The Gordon Bell Award is the highest international academic award in the field of high-performance computing, known as the "Nobel Prize in supercomputing", selected and awarded by the ACM every year, with a large international influence.

The ACM Gordon Bell Special Prize for HPC-Based COVID-19 Research was established for the first time in 2020 due to the outbreak of the coronavirus epidemic to recognize outstanding research results in "supercomputing against the epidemic". The main criteria for evaluation are

The main criterion for the award is that the application of high performance computing and innovation has made a significant contribution to understanding the nature of disease, controlling the spread of disease, or discovering effective treatments.

In 2020, there were six finalists for this award, all of which were from the United States.
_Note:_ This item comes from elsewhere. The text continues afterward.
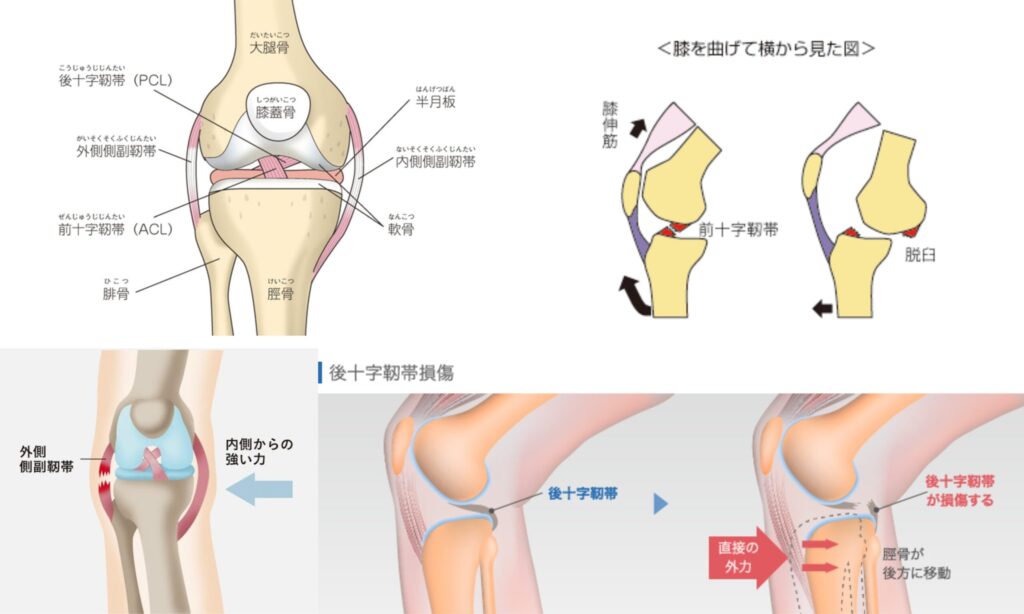| 後十字靭帯 | 膝の後方移動を防ぐ | 膝を強打したときに損傷(交通事故など)。 |

Translated with www.DeepL.com/Translator (free version)

Reactions: Like Like:
2


----------



## JSCh

The Nobel of HPC, 2021 Gordon Prize is out.





Latest Awards News







awards.acm.org





*2021 ACM Gordon Bell Prize Awarded to Team for Achieving Real-Time Simulation of Random Quantum Circuit*

ACM, the Association for Computing Machinery, named a 14-member team, drawn from Chinese institutions, recipients of the 2021 ACM Gordon Bell Prize for their project, Closing the "Quantum Supremacy" Gap: Achieving Real-Time Simulation of a Random Quantum Circuit Using a New Sunway Supercomputer.

The members of the winning team are: Yong (Alexander) Liu, Xin (Lucy) Liu, Fang (Nancy) Li, Yuling Yang, Jiawei Song, Pengpeng Zhao, Zhen Wang, Dajia Peng, and Huarong Chen of Zhejiang Lab, Hangzhou and the National Supercomputing Center in Wuxi; Haohuan Fu and Dexun Chen of Tsinghua University, Beijing, and the National Supercomputing Center in Wuxi; Wenzhao Wu of the National Supercomputing Center in Wuxi; and Heliang Huang and Chu Guo of the Shanghai Research Center for Quantum Sciences.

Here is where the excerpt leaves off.